-- Exercise data follows --
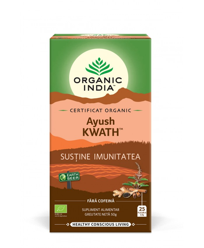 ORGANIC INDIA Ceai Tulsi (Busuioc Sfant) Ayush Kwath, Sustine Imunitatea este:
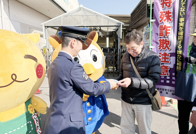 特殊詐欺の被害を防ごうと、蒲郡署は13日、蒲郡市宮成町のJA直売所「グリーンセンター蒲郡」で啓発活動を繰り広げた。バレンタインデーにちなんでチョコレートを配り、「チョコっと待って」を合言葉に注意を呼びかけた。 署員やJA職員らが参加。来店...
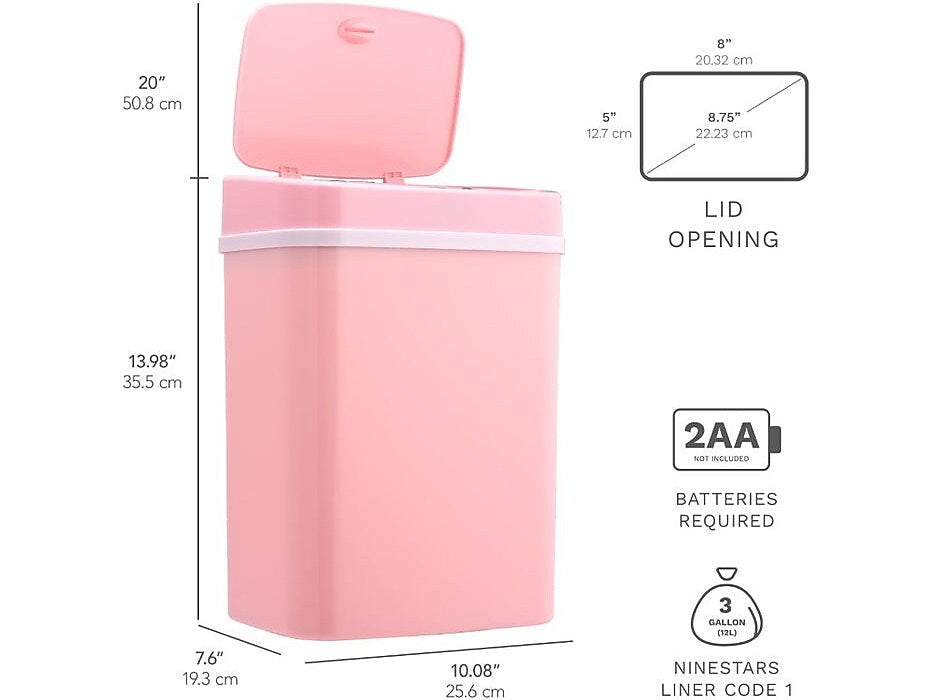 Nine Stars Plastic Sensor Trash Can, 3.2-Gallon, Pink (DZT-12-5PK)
-- Exercise data concluded --
An exact copy of the listing is required; return it without any pictures.

 ORGANIC INDIA Ceai Tulsi (Busuioc Sfant) Ayush Kwath, Sustine Imunitatea este:
 特殊詐欺の被害を防ごうと、蒲郡署は13日、蒲郡市宮成町のJA直売所「グリーンセンター蒲郡」で啓発活動を繰り広げた。バレンタインデーにちなんでチョコレートを配り、「チョコっと待って」を合言葉に注意を呼びかけた。 署員やJA職員らが参加。来店...
 Nine Stars Plastic Sensor Trash Can, 3.2-Gallon, Pink (DZT-12-5PK)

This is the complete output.